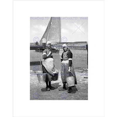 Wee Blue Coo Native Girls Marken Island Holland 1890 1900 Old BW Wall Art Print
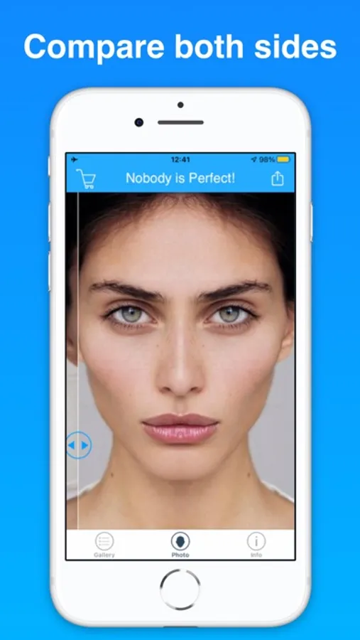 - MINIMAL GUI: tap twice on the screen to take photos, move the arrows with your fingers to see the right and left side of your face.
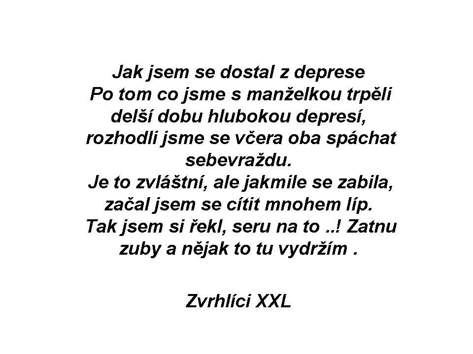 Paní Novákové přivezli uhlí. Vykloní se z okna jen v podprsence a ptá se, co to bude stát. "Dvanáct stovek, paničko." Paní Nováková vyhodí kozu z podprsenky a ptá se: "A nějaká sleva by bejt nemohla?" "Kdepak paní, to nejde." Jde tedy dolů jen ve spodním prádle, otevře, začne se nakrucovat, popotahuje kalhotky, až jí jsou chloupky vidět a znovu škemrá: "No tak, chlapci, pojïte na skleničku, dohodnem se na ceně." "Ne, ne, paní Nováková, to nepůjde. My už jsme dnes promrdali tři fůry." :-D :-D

◇ ◇ ◇

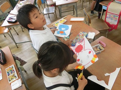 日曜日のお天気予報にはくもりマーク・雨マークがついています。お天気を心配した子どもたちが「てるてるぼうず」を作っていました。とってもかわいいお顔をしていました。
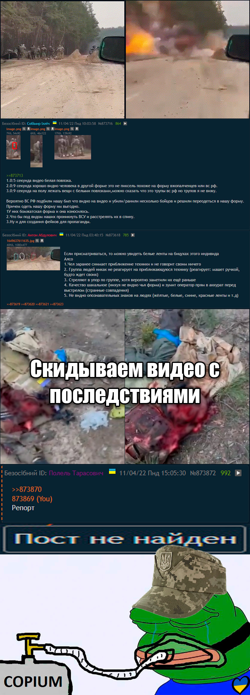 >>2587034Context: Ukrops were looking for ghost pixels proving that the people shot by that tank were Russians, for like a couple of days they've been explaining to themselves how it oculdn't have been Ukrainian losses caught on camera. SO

◇ ◇ ◇

Instructions for the task — Give back the exact lines above, running from the one that has "Wee Blue Coo" through the one that has "- MINIMAL GUI: tap", with nothing added and no pictures.

Solution —
 Wee Blue Coo Native Girls Marken Island Holland 1890 1900 Old BW Wall Art Print
 - MINIMAL GUI: tap twice on the screen to take photos, move the arrows with your fingers to see the right and left side of your face.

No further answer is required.